# Sims



## dmret (Mar 12, 2013)

Simple question. Can I put a Spanish sim in a uk purchased iPhone. Here, in El Campello, I am told no.
Thanks.


----------



## snikpoh (Nov 19, 2007)

dmret said:


> Simple question. Can I put a Spanish sim in a uk purchased iPhone. Here, in El Campello, I am told no.
> Thanks.


YES!

My daughter has done this (against my better judgement as I'm not a fan of Apple )


----------



## dmret (Mar 12, 2013)

Thanks,so far I've drawn a blank.


----------



## xabiaxica (Jun 23, 2009)

dmret said:


> Thanks,so far I've drawn a blank.


Is the phone locked to a UK network? Maybe that's the problem?


----------



## snikpoh (Nov 19, 2007)

xabiachica said:


> Is the phone locked to a UK network? Maybe that's the problem?


Quite right, and don't forget that Vadafone UK is NOT the same as Vodafone Spain.

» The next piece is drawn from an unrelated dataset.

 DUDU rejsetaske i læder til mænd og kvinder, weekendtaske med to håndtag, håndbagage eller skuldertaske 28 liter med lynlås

The phone needs to be unlocked to accept a SIM from another provider.


----------



## baldilocks (Mar 7, 2010)

snikpoh said:


> Quite right, and don't forget that Vadafone UK is NOT the same as Vodafone Spain.
> 
> The phone needs to be unlocked to accept a SIM from another provider.

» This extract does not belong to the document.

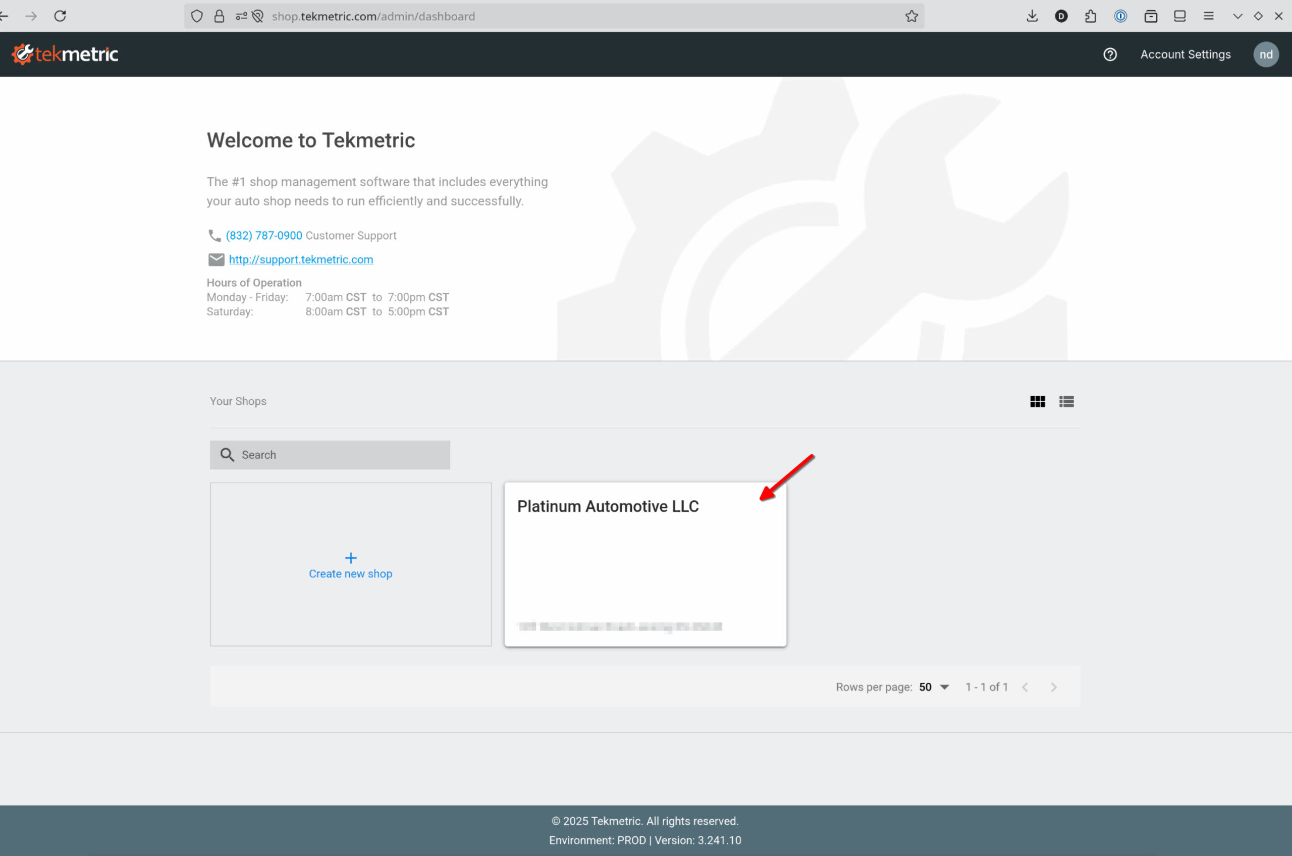 - On the “Welcome to TekMetric” screen, click on the shop you would like Binny to collect order data from.

and Spanish phones are not allowed to be locked by law in Spain.


----------



## Catzoooo (Mar 31, 2015)

My uk bought unlocked iphone6 has a Spanish Hits sim in. No problem.


----------



## dmret (Mar 12, 2013)

It is,that's the snag.


----------



## snikpoh (Nov 19, 2007)

dmret said:


> It is,that's the snag.


So what's the problem - get it unlocked. There are so many companies that can do this for you including your current UK operator.


----------



## dmret (Mar 12, 2013)

So far it's a nonstarter. I haven't given up. I don't have a uk operator for this particular phone. I just wondered if any one else had any ideas.
Thanks.


----------



## snikpoh (Nov 19, 2007)

baldilocks said:


> and Spanish phones are not allowed to be locked by law in Spain.


Really????

So why do they do it (Vodafone, Movistar etc.) and how can we complain?


----------



## dmret (Mar 12, 2013)

Vodaphone,Movistar and a local shop said no. Found someone else and he said yes. Not being an expert, I went with local Spanish advice and got a result.


----------



## baldilocks (Mar 7, 2010)

snikpoh said:


> Really????
> 
> So why do they do it (Vodafone, Movistar etc.) and how can we complain?


It was the Movistar shop that told us when we first arrived and were buying our phones.


----------



## lorort (Dec 24, 2015)

I know that U.S. iphones have to be unlocked to accept another SIMS card. Check out youtube they might have videos on how to unlock, I know they do for U.S. iphones.


----------



## peedee (Aug 30, 2015)

dmret said:


> So far it's a nonstarter. I haven't given up. I don't have a uk operator for this particular phone. I just wondered if any one else had any ideas.
> Thanks.


Look on ebay for unlocking of your phone


----------



## bob_bob (Jan 5, 2011)

Let me google that for you


----------